▶ [YOUR INSTRUCTIONS]: Print every entry exactly as it appears, but skip the pictures.

[Stored entries]
########
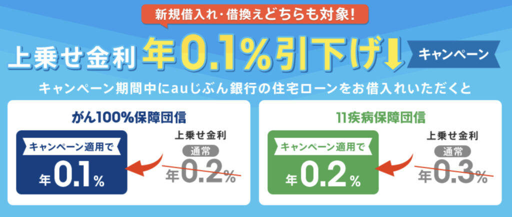 ただし、特約付き団信(がん・三大疾病など)を選択する場合には、金利が上乗せされます。
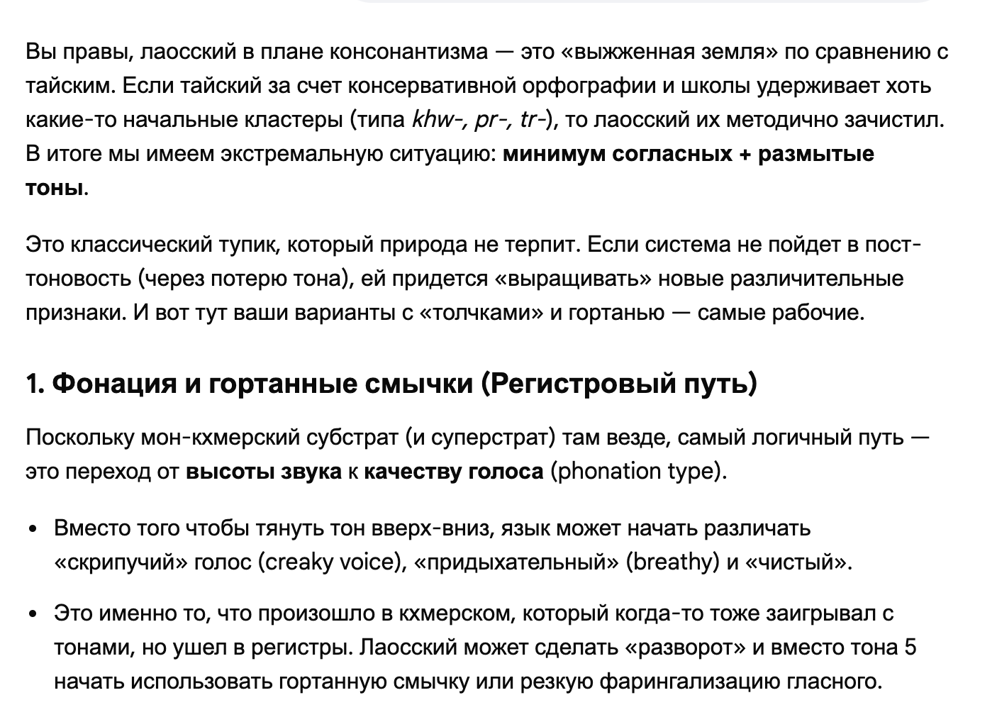 Кстати, вот ещё прикорм робачу. Лаосский (из крупных) самый консонанто-бедный в регионе. Начальных сочетаний, даже как в консервативно-тайском, там тоже не осталось. Так что видимо, путь только в гласные или какие-нить гортанные смычки, толчки и хзч.
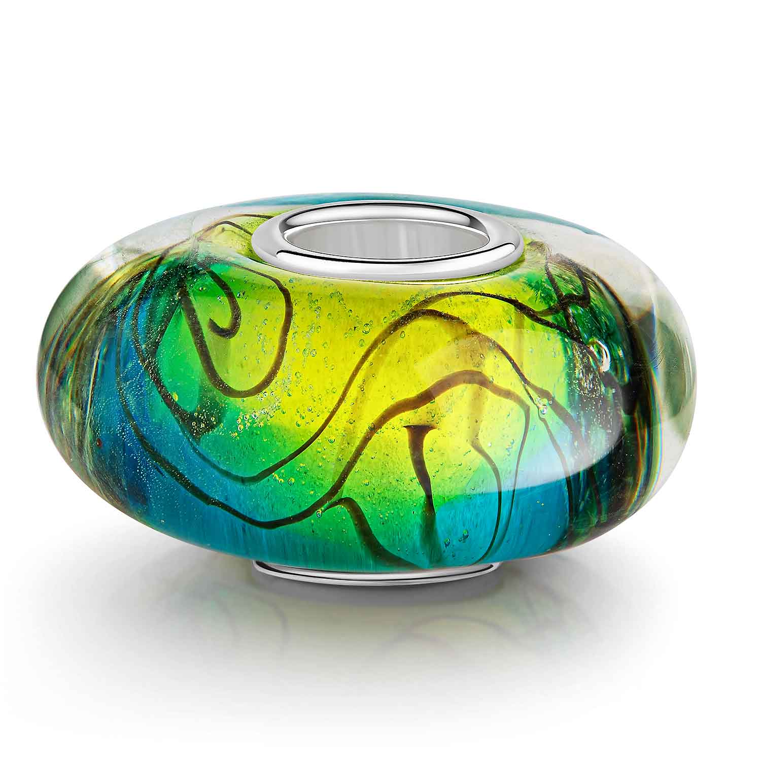 Glas Bead mit 925 Silber Hülse im Linien-Design in Gelb, Grün und Türkis. Er passt auf alle handelsüblichen Beads Armbänder und Ketten bis max. 4,4mm Breite und ist daher für alle Marken Beads geeignet.
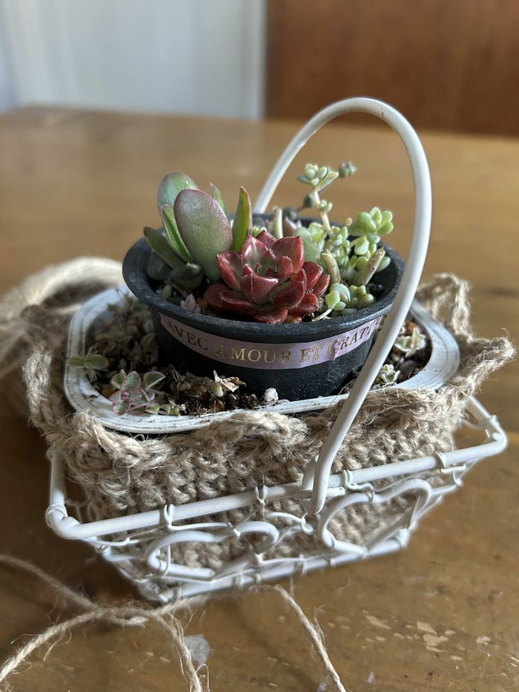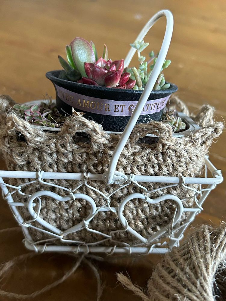 麻紐カゴの網目からコンニチワ🖐️が理想です
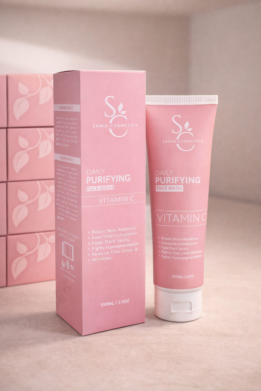 Apni skin ko dein daily luxury treatment Samie Cosmetics ke Vitamin C Daily Purifying Face Wash ke saath. Yeh premium formula gently skin ko cleanse karta hai, impurities remove karta hai aur skin ko fresh, bright aur healthy glow deta hai.
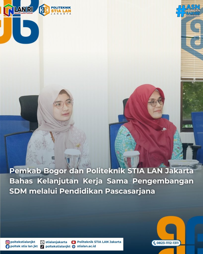 Dalam kesempatan yang sama, disampaikan pula bahwa untuk program doktor, Pemkab Bogor merencanakan kerja sama secara khusus dengan Politeknik STIA LAN Jakarta. Hal ini didasarkan pada kesesuaian bidang keilmuan, pengalaman institusi dalam pengembangan kapasitas aparatur negara, serta rekam jejak Politeknik STIA LAN Jakarta dalam penyelenggaraan pendidikan vokasi dan terapan di bidang administrasi dan kebijakan publik.
########
▶ [FINISHED TASK]:
 ただし、特約付き団信(がん・三大疾病など)を選択する場合には、金利が上乗せされます。
 Кстати, вот ещё прикорм робачу. Лаосский (из крупных) самый консонанто-бедный в регионе. Начальных сочетаний, даже как в консервативно-тайском, там тоже не осталось. Так что видимо, путь только в гласные или какие-нить гортанные смычки, толчки и хзч.
 Glas Bead mit 925 Silber Hülse im Linien-Design in Gelb, Grün und Türkis. Er passt auf alle handelsüblichen Beads Armbänder und Ketten bis max. 4,4mm Breite und ist daher für alle Marken Beads geeignet.
 麻紐カゴの網目からコンニチワ🖐️が理想です
 Apni skin ko dein daily luxury treatment Samie Cosmetics ke Vitamin C Daily Purifying Face Wash ke saath. Yeh premium formula gently skin ko cleanse karta hai, impurities remove karta hai aur skin ko fresh, bright aur healthy glow deta hai.
 Dalam kesempatan yang sama, disampaikan pula bahwa untuk program doktor, Pemkab Bogor merencanakan kerja sama secara khusus dengan Politeknik STIA LAN Jakarta. Hal ini didasarkan pada kesesuaian bidang keilmuan, pengalaman institusi dalam pengembangan kapasitas aparatur negara, serta rekam jejak Politeknik STIA LAN Jakarta dalam penyelenggaraan pendidikan vokasi dan terapan di bidang administrasi dan kebijakan publik.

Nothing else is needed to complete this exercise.